Data is rarely manipulated in Matlab using loops and addressing individual elements (because the Matlab interpreter/VM is rather slow), but rather through calls to block processing functions (which have been carefully written and optimized). This leads to a very idiosyncratic programming style in which repmat, reshape, find, fancy indexing et al. are used to do operations which would be much more naturally expressed through Java loops.

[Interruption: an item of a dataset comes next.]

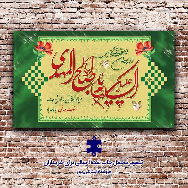 این کتیبه مذهبی، از بهترین پارچه مخمل تولید شده و دارای ریشه دوزی می باشد. طرح «السلام علیک یا ابا صالح المهدی (عج)» به روش چاپ سابلیمیشن روی این کتیبه نقش بسته است که دارای کیفیت و جزئیات بالایی است. این کتیبه نفیس برای استفاده در هیئت، منزل و محل کار مناسب می باشد.

For example, to multiply each column of a matrix A by a vector v, you will write in matlab:
A = diag(v) * A
or
A = repmat(v', 1, size(A, 2)) .* A
This solution:
for i = 1:size(A, 2),
A(:, i) = A(:, i) .* v';
end;
is inefficient.
But it would be terribly foolish to try to do the same thing in Java and invoke a matrix product or to build a matrix with repeated copies of v. Instead, just do:
for (int i = 0; i < rows; i++) {
for (int j = 0; j < columns; j++) {
a[i][j] *= v[i]
}
}
I suggest you to try to understand what this matlab function is actually doing, instead of focusing on how it is doing it, and reimplement it from scratch in Java, forgetting all the matlab implementation except the specifications given in the comments. Half of the code you have written is useless, indeed. Actually, it seems to me that this function wouldn't be needed at all, and what it does could be efficiently integrated in the caller's code.